== WHAT THIS TASK INVOLVES ==
The line containing "Xeriscaping, shown here" marks the end: extract everything from the first line of the data through that line, exactly, with no pictures.

RECORDS PROVIDED Start Marker

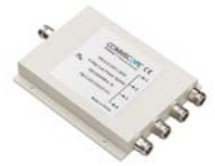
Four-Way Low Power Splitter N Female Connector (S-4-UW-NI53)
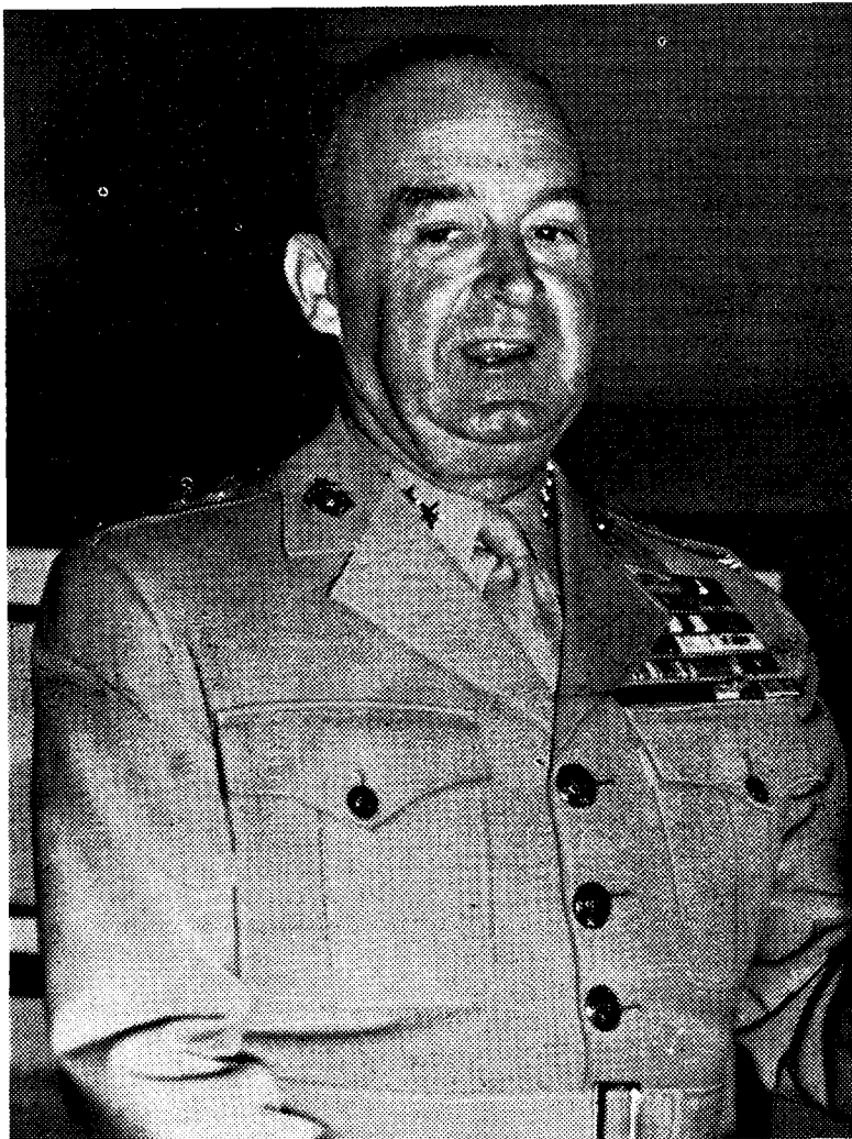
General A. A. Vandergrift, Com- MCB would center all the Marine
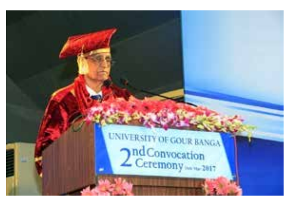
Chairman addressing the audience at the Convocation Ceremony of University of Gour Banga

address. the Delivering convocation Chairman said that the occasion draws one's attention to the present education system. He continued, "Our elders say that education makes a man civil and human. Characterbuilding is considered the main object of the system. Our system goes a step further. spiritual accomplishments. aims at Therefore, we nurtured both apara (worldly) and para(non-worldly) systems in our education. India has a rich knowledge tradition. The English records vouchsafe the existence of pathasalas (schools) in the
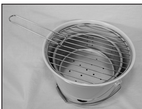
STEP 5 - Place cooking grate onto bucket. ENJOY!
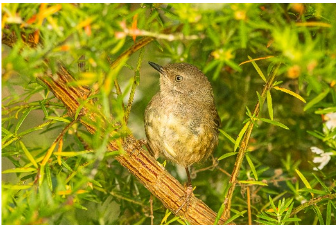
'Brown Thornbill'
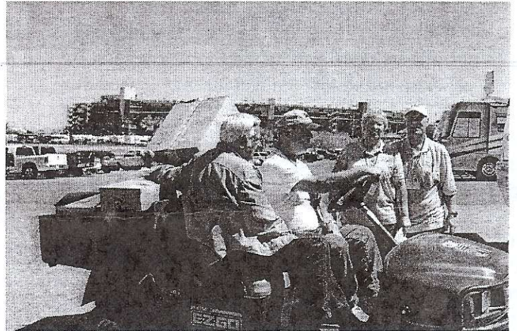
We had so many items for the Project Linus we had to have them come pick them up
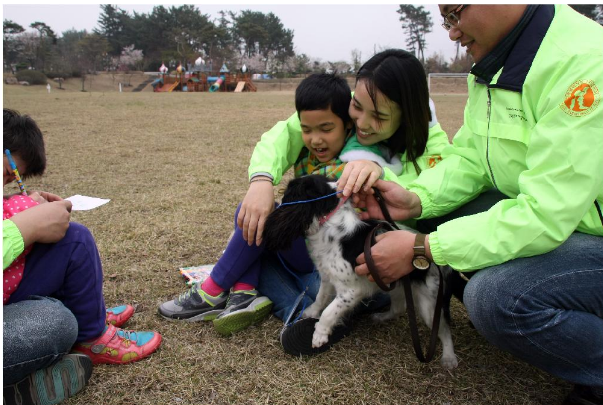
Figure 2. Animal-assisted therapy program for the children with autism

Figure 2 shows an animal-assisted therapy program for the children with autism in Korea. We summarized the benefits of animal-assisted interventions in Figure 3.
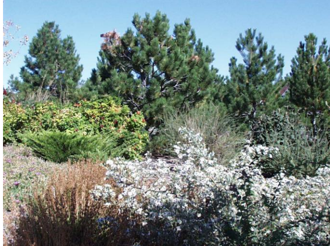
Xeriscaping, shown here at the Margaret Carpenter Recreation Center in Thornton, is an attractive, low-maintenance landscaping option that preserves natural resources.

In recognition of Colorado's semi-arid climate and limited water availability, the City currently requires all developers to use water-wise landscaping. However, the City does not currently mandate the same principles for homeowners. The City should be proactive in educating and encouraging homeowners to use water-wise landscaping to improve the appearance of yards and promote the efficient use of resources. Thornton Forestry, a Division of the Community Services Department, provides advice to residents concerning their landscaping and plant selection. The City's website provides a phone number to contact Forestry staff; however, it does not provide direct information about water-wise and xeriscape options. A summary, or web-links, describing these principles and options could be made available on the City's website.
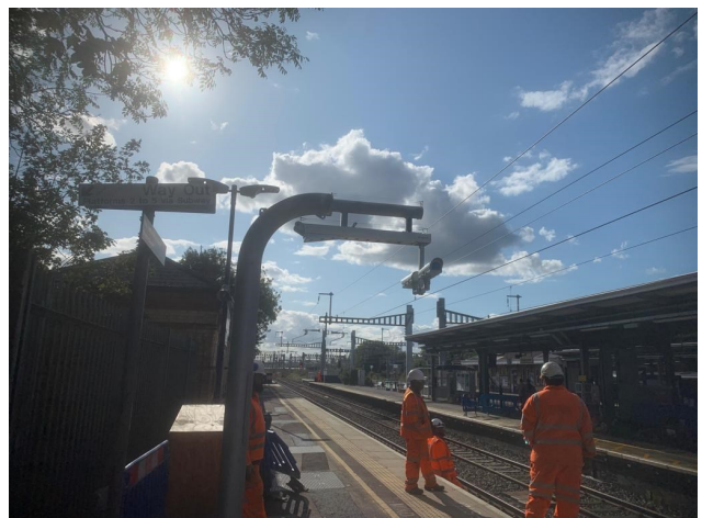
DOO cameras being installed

RECORDS PROVIDED End Marker

== RESULT OF THIS TASK ==
Four-Way Low Power Splitter N Female Connector (S-4-UW-NI53)
General A. A. Vandergrift, Com- MCB would center all the Marine
Chairman addressing the audience at the Convocation Ceremony of University of Gour Banga

address. the Delivering convocation Chairman said that the occasion draws one's attention to the present education system. He continued, "Our elders say that education makes a man civil and human. Characterbuilding is considered the main object of the system. Our system goes a step further. spiritual accomplishments. aims at Therefore, we nurtured both apara (worldly) and para(non-worldly) systems in our education. India has a rich knowledge tradition. The English records vouchsafe the existence of pathasalas (schools) in the
STEP 5 - Place cooking grate onto bucket. ENJOY!
'Brown Thornbill'
We had so many items for the Project Linus we had to have them come pick them up
Figure 2. Animal-assisted therapy program for the children with autism

Figure 2 shows an animal-assisted therapy program for the children with autism in Korea. We summarized the benefits of animal-assisted interventions in Figure 3.
Xeriscaping, shown here at the Margaret Carpenter Recreation Center in Thornton, is an attractive, low-maintenance landscaping option that preserves natural resources.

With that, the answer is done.